Ingredients (feeds 6-8; half it if you want less):

  • 3 lbs boneless, skinless chicken thighs
  • 2 onions, chopped
  • 4 garlic cloves, chopped
  • 2 15-oz cans crushed tomatoes
  • 4 T tomato paste
  • Salt & Pepper
  • 2 T garam masala spice
  • 1 T ground cumin
  • 1 15-oz can coconut milk
  • Head of cauliflower
  • 1 onion, diced
  • 3 green onions, sliced thin
  • Olive oil
  • Cilantro & lime

Get your crockpot out and add in the 2 onions and 4 garlic cloves. Then add in the crusted tomatoes, tomato paste and spices (everything above the coconut milk on the list above). Top it off with your chicken thighs, season with more salt and pepper and put your lid on. You can cook it on low for 6-8 hours or on high for 3-4.

When you have about a half hour left, grab your cauliflower and chop it up into small pieces. Add the EVOO (two turns) to your large, deep skillet over medium heat. Add in the diced onion, cook down till translucent, then add in the cauliflower. Stir often, season with salt and pepper.  Cook for about 20 minutes on low heat. Now, I like to add in a squeeze of lime and some cilantro along with the onions in the last 5 minutes of cooking, but you don’t need to if you don’t want to. Totally optional.

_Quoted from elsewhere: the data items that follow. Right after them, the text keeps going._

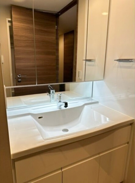 大きな鏡と充実した収納が嬉しい設備になっています。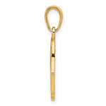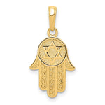 Proudly display your faith and ward off evil while drawing positive energies into your life with this symbolic pendant. Fashioned from 14k yellow gold with a polished and satin finish, this small spiritual charm is approximately 12mm (7/16 inch) in width by 25mm (1 inch) in length, which includes the bail. It has a textured back that is not suitable for engraving. Chain not included.
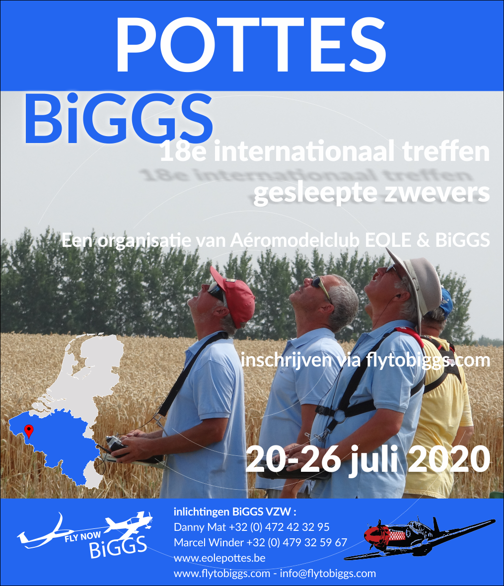 In Pottes zijn we dit jaar voor de 18e editie ! Laten we samen alle weergoden aanroepen om het minstens enkele graden frisser te houden dan de afgelopen twee jaar. Als dat zou lukken staat er weer een spetterende week vliegplezier voor ons klaar.
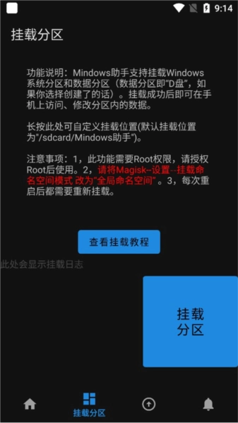 Mindows助手能够挂载Windows系统分区以及数据分区(比如D盘)。一旦挂载成功,您便能在手机上对这些分区里的数据进行访问与修改。但要注意,此功能需要root权限,而且每次重启后都得重新挂载。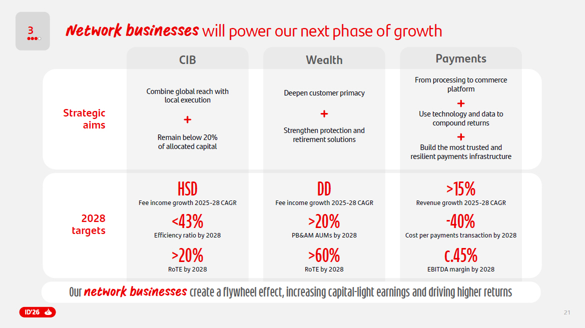 20 Growth Efficiencies Announced bolt - ons 2025 14.8 % 1 2028 target >20 % R etail & Commercial and Openbank combined RoTE waterfall Capital allocation Webster TSB >+1pp >+1pp >+1pp >+ 1pp 2 ONE Transformation: Our Retail & Commercial and Openbank RoTE improvement is mostly under our control Note : RoTE percentage points change including weighted average impact from the growth in tangible equity . TSB and Webster transactions pending completion and subject to customary conditions including regulatory and, for Webster also shareholder approvals . Cost synergies are pre - tax, annual and full run - rate expected at the end of 2028 . Cost synergies do not include restructuring costs, for c . 1 x cost - synergies, or amortization of CDI . 1. Excluding Motor Finance .

In the last 5 minutes, get the chicken out with a bunch of the sauce in a bowl and shred it up. Turn the can of coconut milk upside down and open it up that way. This will put all of the liquid at the top which you can pour out. Now you are staring at the hardened coconut milk. Scoop this out into a deep pot (I used my oval dutch oven) and turn that on to low heat. Add in your chicken mixture and stir well.

Chicken Tikka Masala Colalge

Now you are ready to assemble. Put in the cauliflower at the base of your bowl, top with the chicken tikka masala and garnish with some fresh cilantro. Enjoy!!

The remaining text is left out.